ON BEHALF OF THE BOARD
TRENCHANT CAPITAL
CORP.

Per: "Eric Boehnke"        
Eric Boehnke, CEO

For further information, please contact:
Trenchant Capital Corp.
Eric Boehnke, CEO
Phone: (604) 307-4274

Neither TSXV nor its Regulation Services Provider (as that term is defined in the policies of the TSXV) accepts responsibility for the adequacy or accuracy of this news release.

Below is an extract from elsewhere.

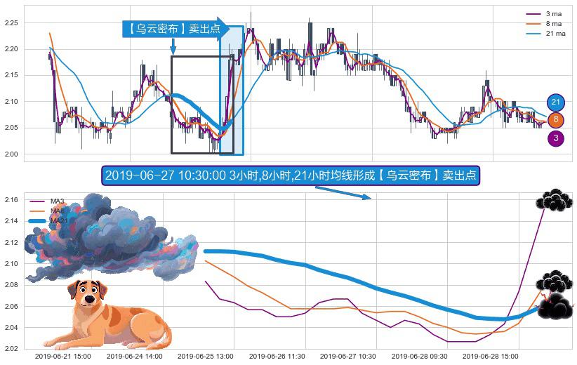 ⚀ 2019-06-25 10:30:00小时-2019-07-02 10:30:00小时显现 3小时-8小时-21小时均线 【乌云密布】卖出点 看空信号,后市看跌,卖出
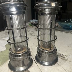 Vintage 1990's Pair of Metal and Clear Swirled Glass Oil Lamps Long Wicks GUC$30Fort Lauderdale, FL

Disclaimer for Forward-Looking Information

This news release includes certain "forward-looking statements" under applicable Canadian securities legislation that are not historical facts. Forward-looking statements involve risks, uncertainties, and other factors that could cause actual results, performance, prospects, and opportunities to differ materially from those expressed or implied by such forward-looking statements. Forward-looking statements in this news release include, but are not limited to, statements regarding the proposed Loan, the Offering and statements regarding the proposed business and operations of the Company following completion of the foregoing transactions. Forward-looking statements are necessarily based on a number of estimates and assumptions that, while considered reasonable, are subject to known and unknown risks, uncertainties and other factors that may cause actual results and future events to differ materially from those expressed or implied by such forward-looking statements. Such factors include, but are not limited to: failure to complete the Offering on the terms expected or at all; general business, economic and social uncertainties; litigation, legislative, environmental and other judicial, regulatory, political and competitive developments; and other risks outside of the Company's control. Although the Company believes that the assumptions and factors used in preparing the forward-looking statements are reasonable, undue reliance should not be placed on these statements, which only apply as of the date of this news release, and no assurance can be given that such events will occur in the disclosed time frames or at all. Except as required by applicable laws, the Company disclaims any intention or obligation to update or revise any forward-looking statement, whether as a result of new information, future events, or otherwise.

Not for distribution to United States newswire services or for dissemination in the United States.